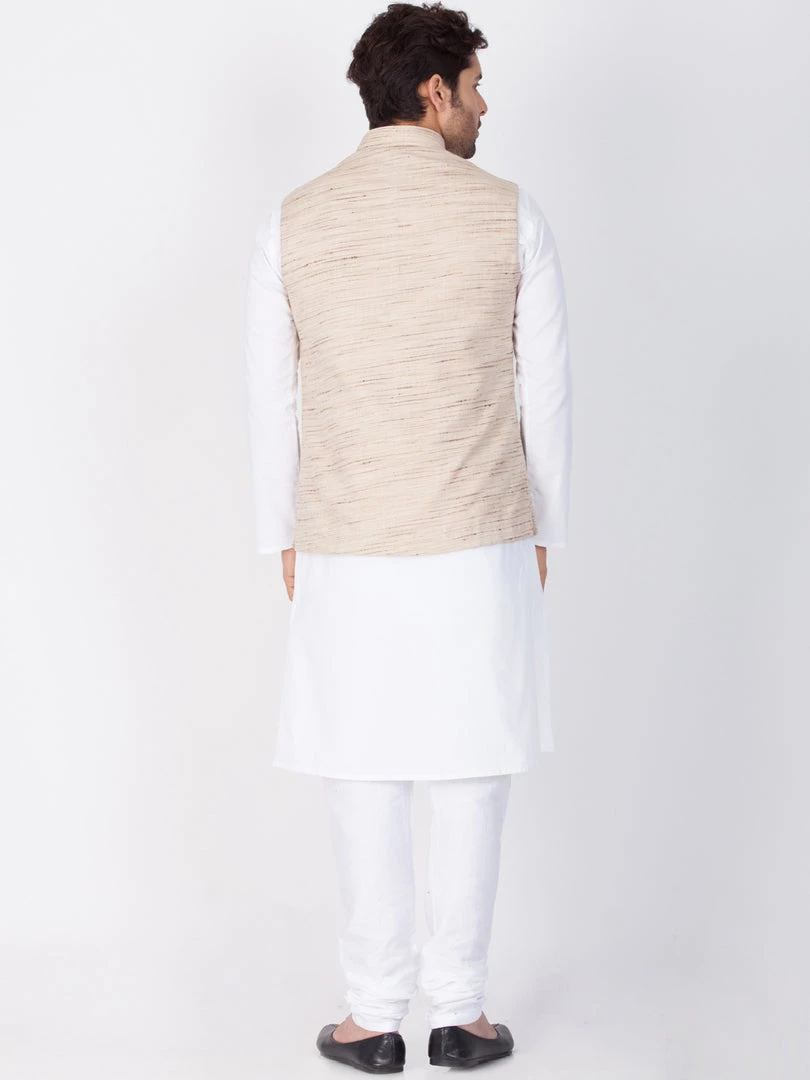 Beige woven Nehru jacket, has a mandarin collar, sleeveless, three pockets
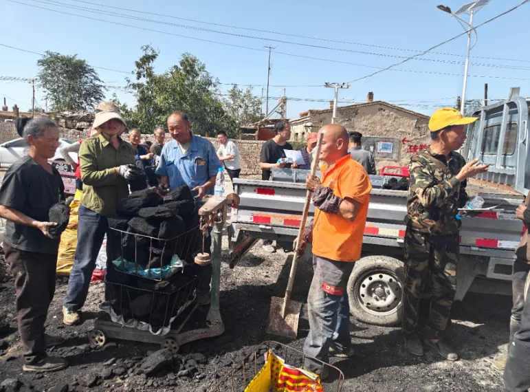 发放现场,社区工作人员与志愿者分工明确,引导居民排队登记,协助搬运煤炭,耐心解答居民疑问,现场秩序井然,处处洋溢着温馨和谐的氛围。
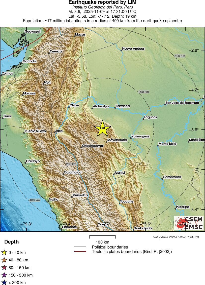 | 3.6 | 19 | 3806 | 10:31 | Link | Minor Earthquake- NORTHERN PERU - Today |
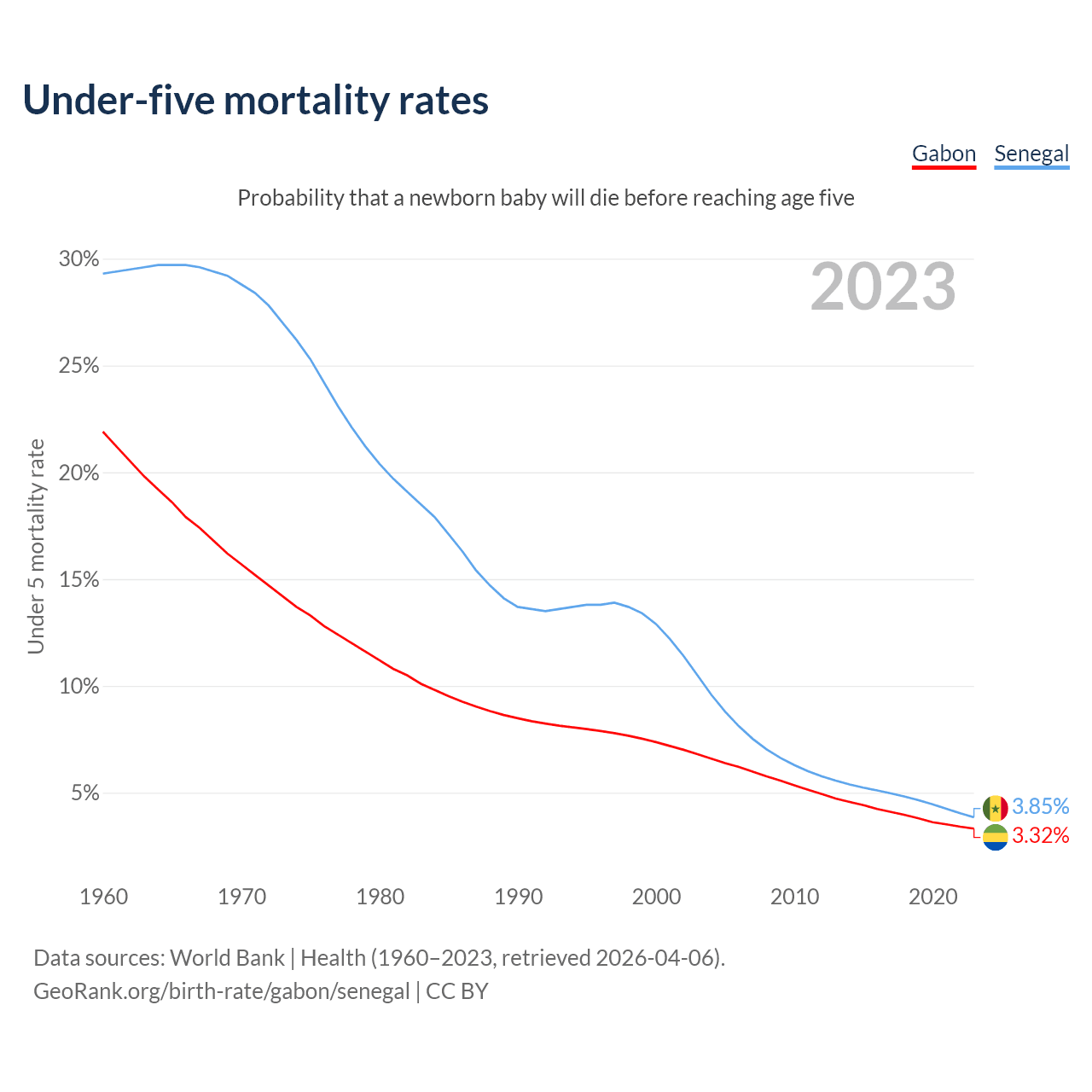 The chance that a newborn baby will die before reaching age five is 3.32% in Gabon and 3.85% in Senegal. Above is a chart with historical data on under-five mortality rates.
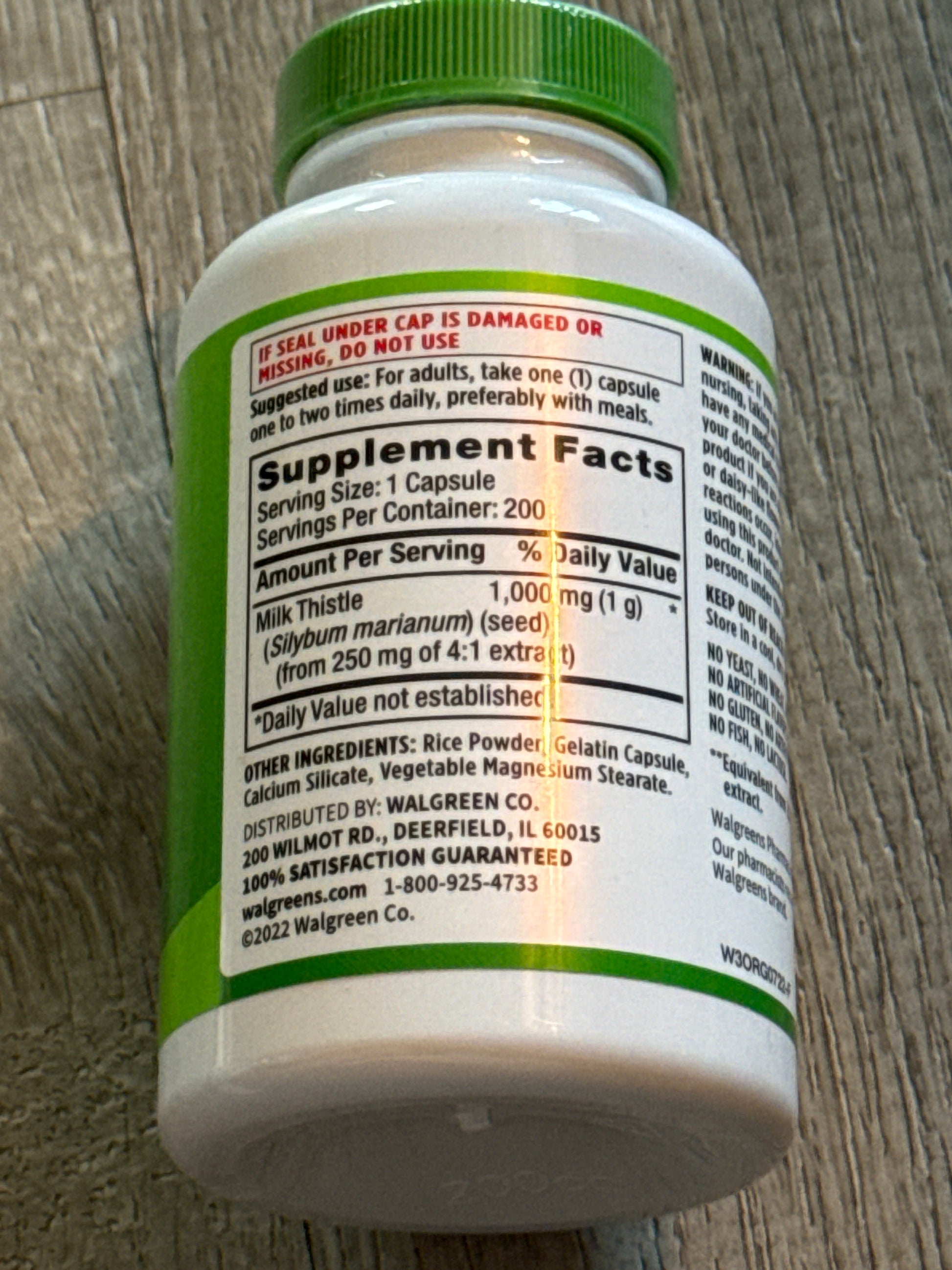 Walgreens Free+Pure Milk Thistle Extract 1000 Mg, 200 Capsules exp 04/2027
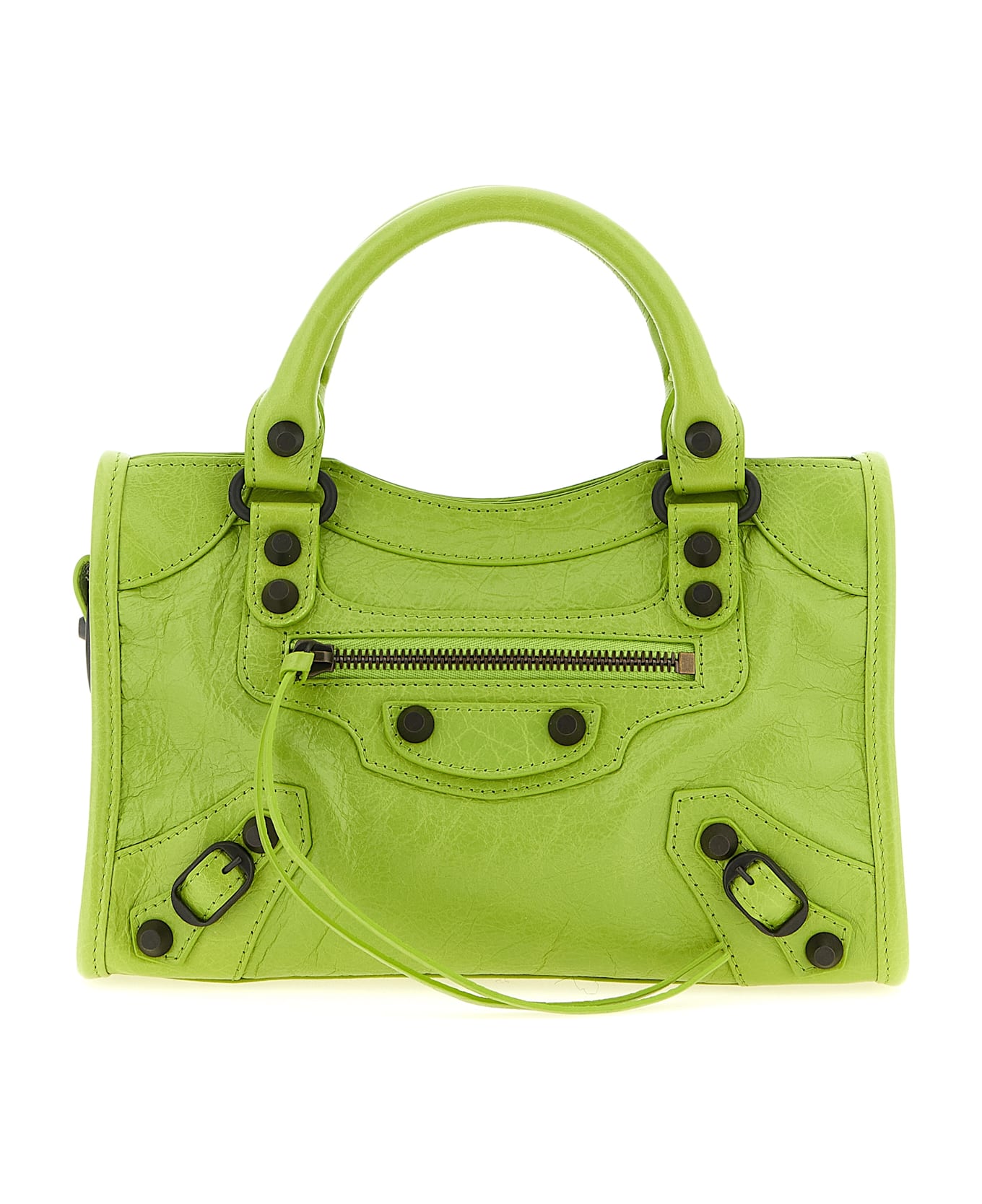 Arena Storico 'Le City Mini' lambskin handbag with brass finish studs, double fixed handle, top zip closure, front zip pocket, cotton canvas lining, adjustable and removable shoulder strap. Composition: 100% lamb leather (Ovis aries)

· · · ·

» What to produce
Please transcribe the listing above verbatim and exclude every picture.

» Written solution
 Beige woven Nehru jacket, has a mandarin collar, sleeveless, three pockets
 发放现场,社区工作人员与志愿者分工明确,引导居民排队登记,协助搬运煤炭,耐心解答居民疑问,现场秩序井然,处处洋溢着温馨和谐的氛围。
 | 3.6 | 19 | 3806 | 10:31 | Link | Minor Earthquake- NORTHERN PERU - Today |
 The chance that a newborn baby will die before reaching age five is 3.32% in Gabon and 3.85% in Senegal. Above is a chart with historical data on under-five mortality rates.
 Walgreens Free+Pure Milk Thistle Extract 1000 Mg, 200 Capsules exp 04/2027
 Arena Storico 'Le City Mini' lambskin handbag with brass finish studs, double fixed handle, top zip closure, front zip pocket, cotton canvas lining, adjustable and removable shoulder strap. Composition: 100% lamb leather (Ovis aries)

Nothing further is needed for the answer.